Each record that follows goes into your reply unchanged; the pictures do not.
------------------------------------
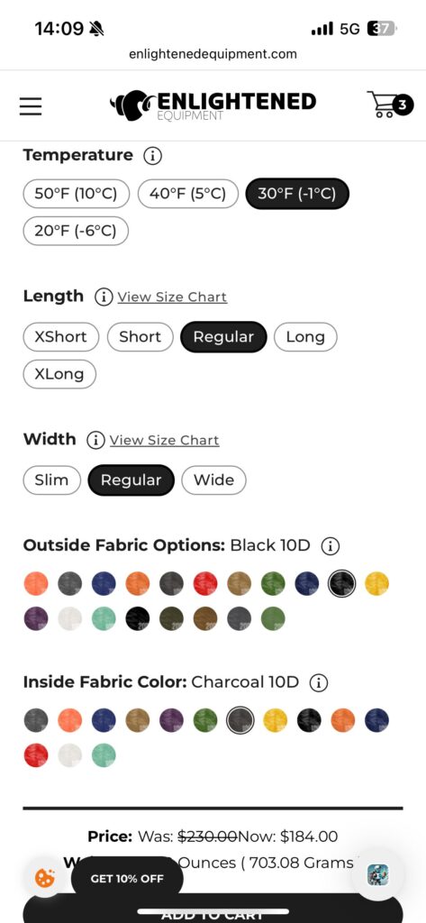 キルトは対応温度、長さ、幅、表地、裏地を選択することができます。標準的な日本人体型ならShort、Slimでも入ると思いますが、色々理由もあり自分はRegularにしています。
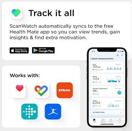 - SINCRONIZZAZIONE AUTOMATICA DEI DATI: ScanWatch si sincronizza con l'applicazione gratuita Health Mate tramite Bluetooth. È compatibile con Alexa, Apple Health, Google Fit, Strava e oltre 100 app
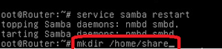 Setelah itu, silahkan sobat keluar dari konfigurasi lalu restart Samba server-nya. Caranya seperti gambar di atas, dengan memasukkan perintah “service samba restart” lalu tekan “enter”
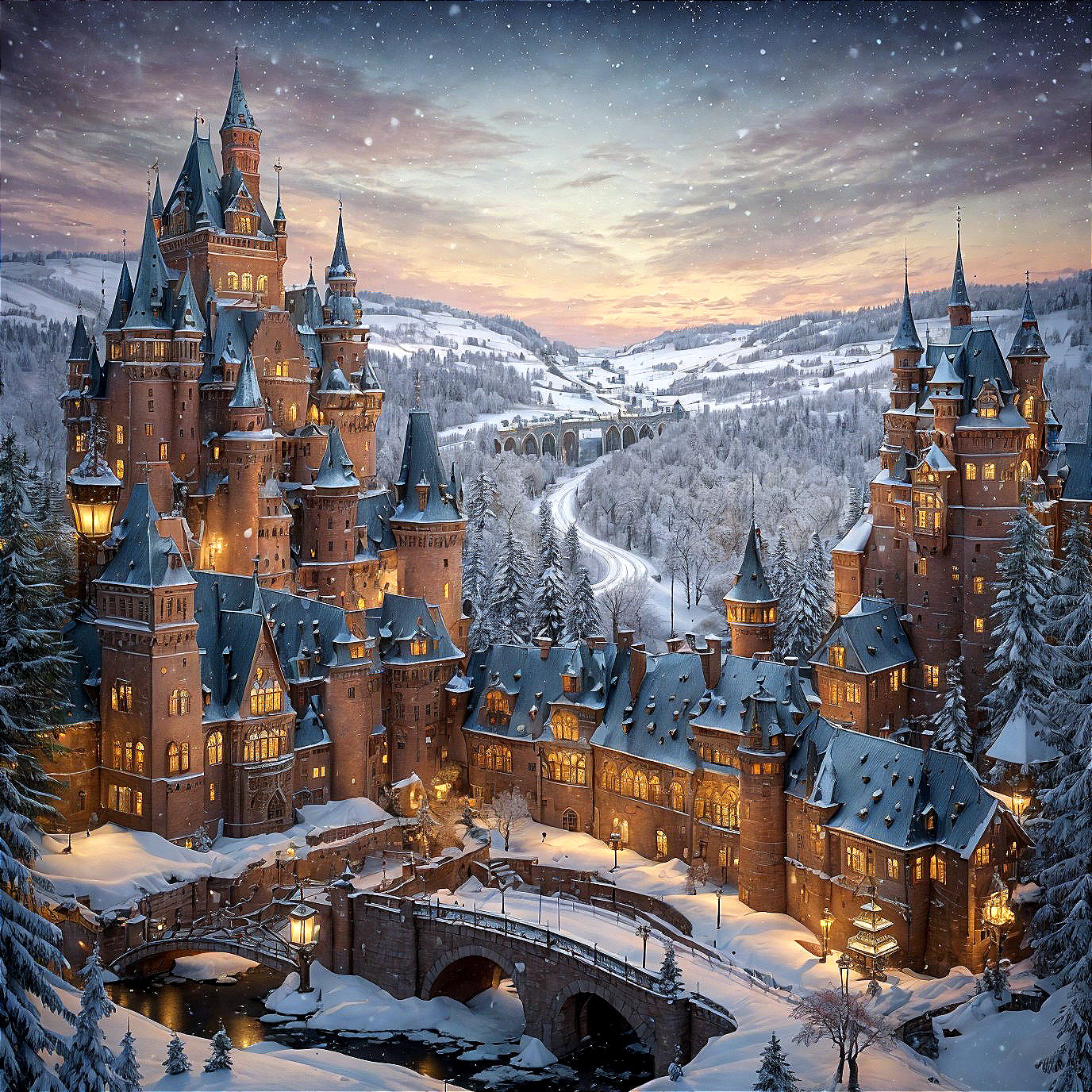 An enchanting snow-covered castle at twilight with illuminated windows, a stone bridge, and a wintry landscape.
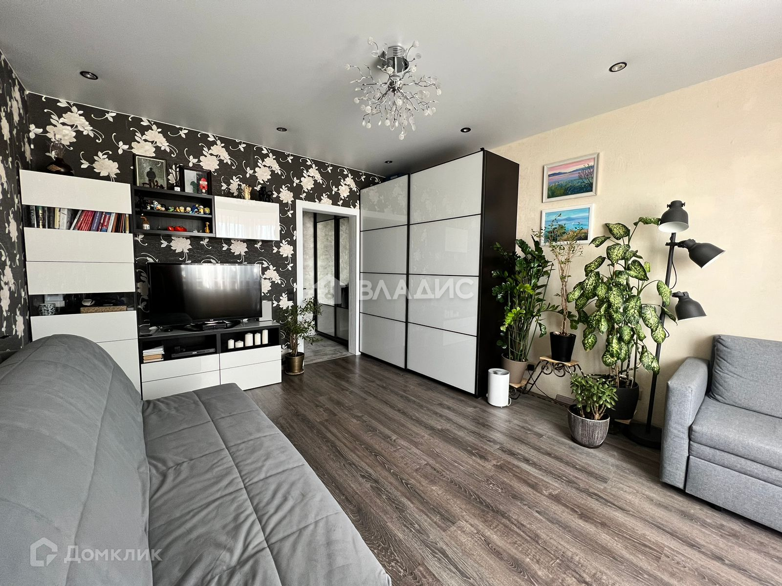 В комнате шкаф-купе, большой диван с матрасом «Askona» и небольшой стенкой. Пол - ламинат, потолок - натяжной.
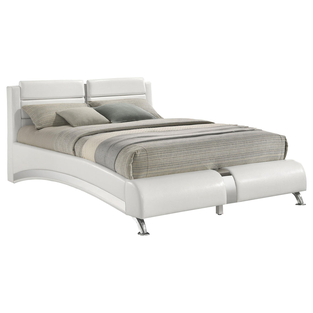The Jeremaine collection presents this well-designed bed with a touch of class. It features straight lines and sumptuous curves for a contemporary allure. The headboard is fashioned with cushioned paneling for a unique look. The bed is stunningly finished in coated polyurethane that's polished to a high gloss. The chrome-like accents give this bed an exquisite appeal fit for any modern bedroom.
------------------------------------
Answer space:
 キルトは対応温度、長さ、幅、表地、裏地を選択することができます。標準的な日本人体型ならShort、Slimでも入ると思いますが、色々理由もあり自分はRegularにしています。
 - SINCRONIZZAZIONE AUTOMATICA DEI DATI: ScanWatch si sincronizza con l'applicazione gratuita Health Mate tramite Bluetooth. È compatibile con Alexa, Apple Health, Google Fit, Strava e oltre 100 app
 Setelah itu, silahkan sobat keluar dari konfigurasi lalu restart Samba server-nya. Caranya seperti gambar di atas, dengan memasukkan perintah “service samba restart” lalu tekan “enter”
 An enchanting snow-covered castle at twilight with illuminated windows, a stone bridge, and a wintry landscape.
 В комнате шкаф-купе, большой диван с матрасом «Askona» и небольшой стенкой. Пол - ламинат, потолок - натяжной.
The Jeremaine collection presents this well-designed bed with a touch of class. It features straight lines and sumptuous curves for a contemporary allure. The headboard is fashioned with cushioned paneling for a unique look. The bed is stunningly finished in coated polyurethane that's polished to a high gloss. The chrome-like accents give this bed an exquisite appeal fit for any modern bedroom.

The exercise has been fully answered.